Et pour preuve de cette

déconnexion, la suite de la vente, tant l'année dernière où elle a rectifié à

la baisse la forte hausse initiale , que cette année où la suite très positive

tempère les mouvement du début, révèle un fonctionnement régulier de marché en

rapport avec les fondamentaux économiques de l'heure.
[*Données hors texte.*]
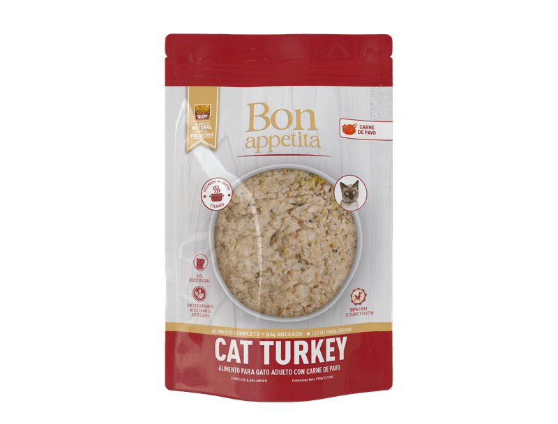 Bon Appetita es un alimento natural para gatos, completo y balanceado, preparado con ingredientes seleccionados y cocción al vapor, diseñado para brindar una nutrición de alto valor en un formato práctico y fácil de servir.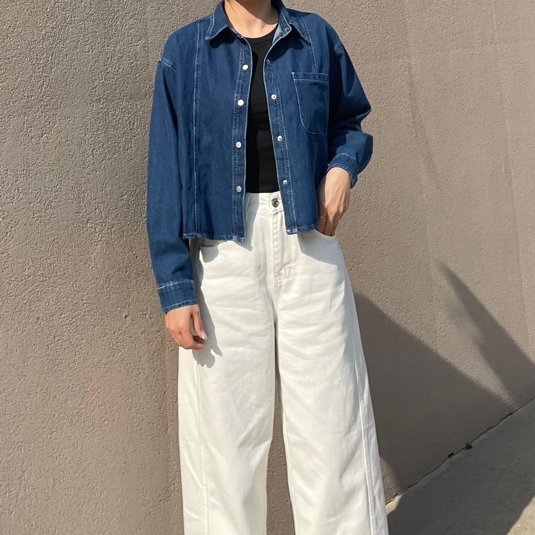 🌸[주문폭주]🚀청남방 크롭 데님셔츠 여성청남방 2color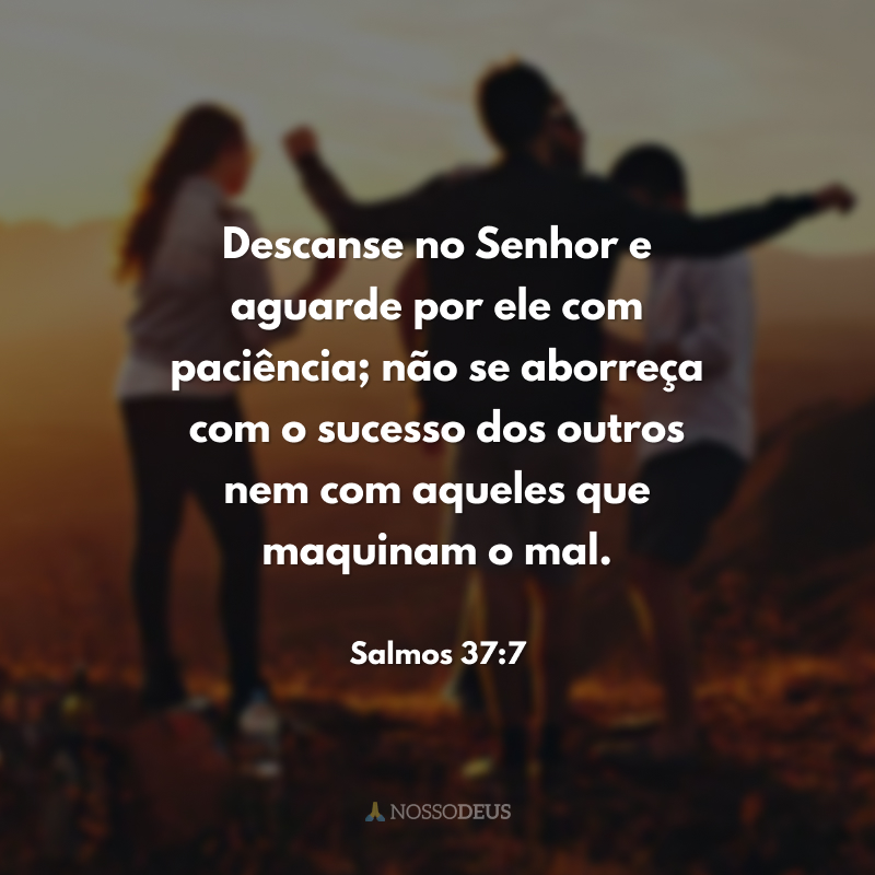 Descanse no Senhor e aguarde por ele com paciência; não se aborreça com o sucesso dos outros nem com aqueles que maquinam o mal.

Quelle leçon en tirer ? Que le

principe de ventes de sélection resserrée, ou de ventes dites spéciales, pour

les yearlings de bonne qualité, ne correspond plus au professionnalisme des

sociétés occidentales, rompues aux pratiques courantes de marché. Nous avons vu

disparaître la « spéciale » de Deauville, comme les Houghton Sales des

Newmarket, comme les July Sales de Keeneland, et ces disparitions étaient

prémonitoires et judicieuses. Comme l'a été cette année, à un niveau bien

moindre, la transformation des Ventes de Doncaster qui ont classé tous les

yearlings par ordre alphabétique, éliminant ainsi toute notion de sélection. On

pourrait ainsi imaginer que, si les books 1 et 2 de Keeneland fusionnaient pour

ne former qu'une seule très longue session de 4 jours déclinée alphabétiquement,

on serait en présence d'un marché beaucoup plus stabilisé, qui tasserait certes

les folies spectaculaires des enchères, mais qui assurerait une moyenne de très

haut niveau.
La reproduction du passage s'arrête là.